British Ambassador to Sudan
- In office 2011–2015
- Monarch: Elizabeth II
- Preceded by: Nicholas Kay
- Succeeded by: Michael Aron

Personal details
- Born: Peter Harris Tibber September 7, 1956 (age 70)
- Children: Joachim Tibber
- Alma mater: University College, Oxford

= Peter Tibber =

British diplomat

Peter Tibber (born 7 September 1956) is a British diplomat, who was the British ambassador to Sudan from 2011 to 2015 and the British ambassador to Colombia from 2015 to 2019.

== Early life ==
Peter Harris Tibber was born on 7 September 1956. He is the son of Anthony Harris Tibber, a circuit judge.
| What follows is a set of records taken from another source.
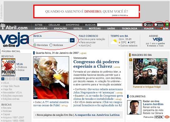 Renata, de São Paulo, mandou a página inicial do site:Eu não entendo porque alguns sites colocam opção de busca na web… se eu quiser buscar na web vou num site de busca. Se vim ao site da Veja é porque quero buscar nele, oras. E na mesma página ainda tem outra busca, também pra selecionar: revistas ou notícias? Sei lá… Pra que complicar?
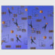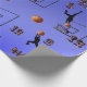 sur un dégradé bleu, les arrière - plans sont des joueurs de basket, des cerceaux, des boules, des numéros, des logos, dans un motif de basket coloré
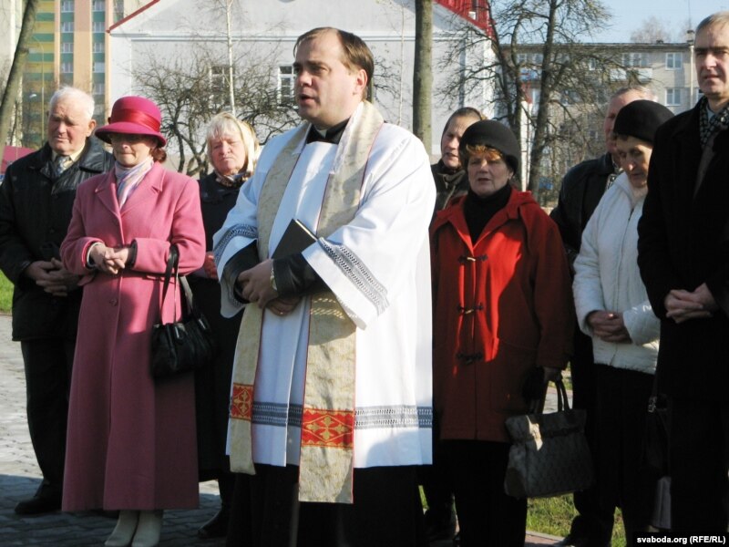 "Актывістам Таварыства беларускай мовы, а таксама Таварыству польскай культуры Лідчыны ўдалося дамагчыся ад мясцовай улады, каб чыноўнікі дазволілі ўшанаваць памяць пра ксяндза на месцы яго расстрэлу. Напярэдадні быў усталяваны камень, на якім зроблены надпіс па-беларуску і па-польску. І вось толькі што гэты помнік асьвяціў пробашч лідзкага Фарнага касьцёла Ўладзімер Гуляй. Жыхары Ліды, якіх тут сабралася больш за 30 чалавек, прачыталі малітву. Пасьля гэта да сабраных зьвярнуліся кіраўнік Таварыства польскай культуры Аляксандар Колышка, і прадстаўнік ТБМ Станіслаў Суднік".
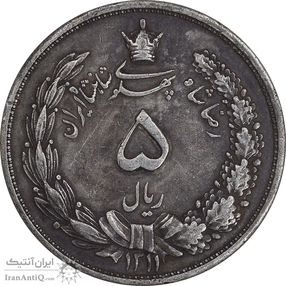 سکه 5 ریال 1311 - EF45 - رضا شاه
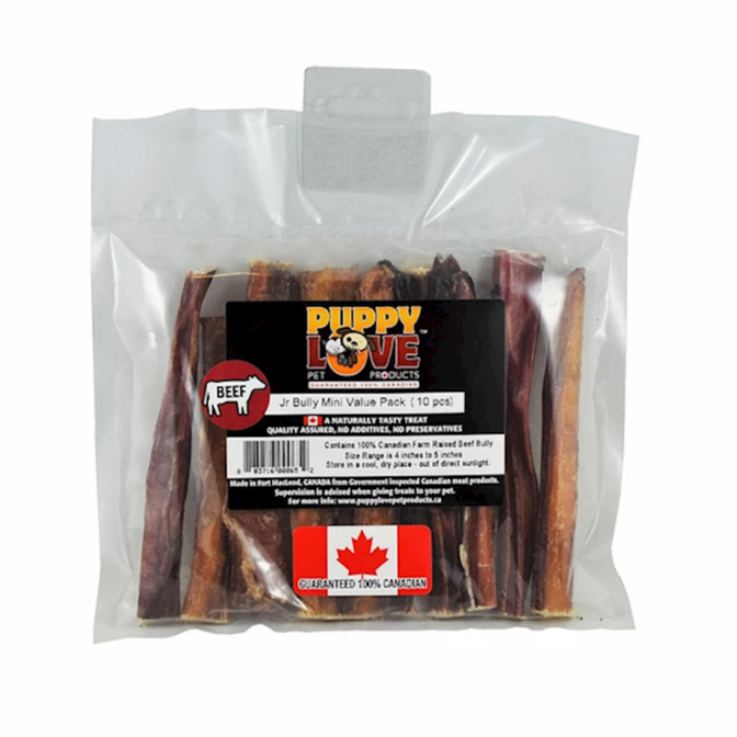 4 to 5 inches in length, this is a medium chew for small and medium sized dogs. Jr Bully Minis are a source of protein and promote dental health.Moisture: 6.2% | Protein: 73% | Crude Fat: 20.07% | Crude Fiber: 1.13%
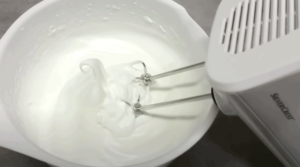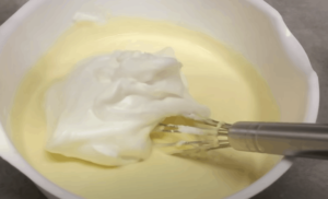 Do mieszanki dodać kolejno trzy części ubitego białka – najpierw jedną, po jej ubiciu delikatnie dołączyć kolejną, by nie stracić zawartego już w środku powietrza.
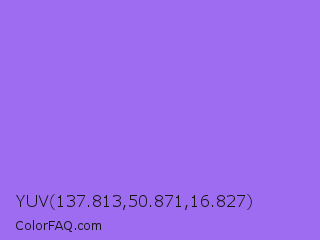 YUV 137.813,50.871,16.827 Color is a light violet color and the nearest color is Navy Purple #9457eb. Hex code #9d6cf1 and RGB value is rgb(157,108,241). In RGB color space, this color is composed of 62% red, 42% green, 95% blue, In CMYK color space, this color is composed of 35% cyan, 55% magenta, 0% yellow , 5% black , In HSL color space, this color has a hue angle of 262° , 83% saturation and 68% lightness.
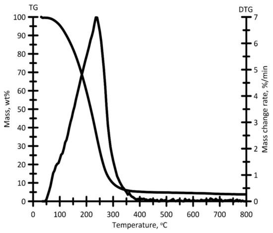 Generally, oxidation of the sample can be divided into two stages. The first one is removal of residual volatile compounds (up to 365 °C). The second one is subsequent oxidation of the carbon residue. Moreover, the monomodal DTG profile has an additional shoulder in the temperature range of 248–365 °C. The maximum reaction rate wmax is 3.1 wt%/min at Tmax = 462 °C.
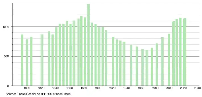 L'évolution du nombre d'habitants est connue à travers les recensements de la population effectués dans la commune depuis 1793. Pour les communes de moins de 10000habitants, une enquête de recensement portant sur toute la population est réalisée tous les cinqans, les populations de référence des années intermédiaires étant quant à elles estimées par interpolation ou extrapolation[22]. Pour la commune, le premier recensement exhaustif entrant dans le cadre du nouveau dispositif a été réalisé en 2005[23].
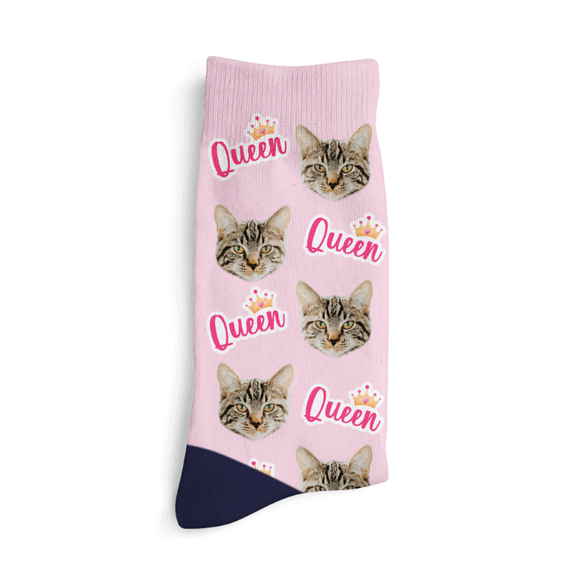 Un paio di calzini indispensabili per tutti i padroni il cui gatto è una regina. Carica una foto della tua regina e preparati per il tuo nuovo paio di calzini preferito. Oh, e abbiamo detto che è un fantastico regalo?

He was educated at Haberdashers’ Aske’s School, a private school in Elstree, Hertfordshire. Tibber attended University College, Oxford and graduated with a degree in history in 1976.

== Career ==
=== Ambassador to Sudan ===
Tibber was the British ambassador to Sudan from 2011 to 2015.

=== Ambassador to Colombia ===
Tibber was the British ambassador to Colombia from 2015 to 2019.

In the 2020 Birthday Honours, he was appointed a Companion of the Order of St Michael and St George for "services to British foreign policy".

== Personal life ==
Tibber married Eve Levy-Huet in 1983.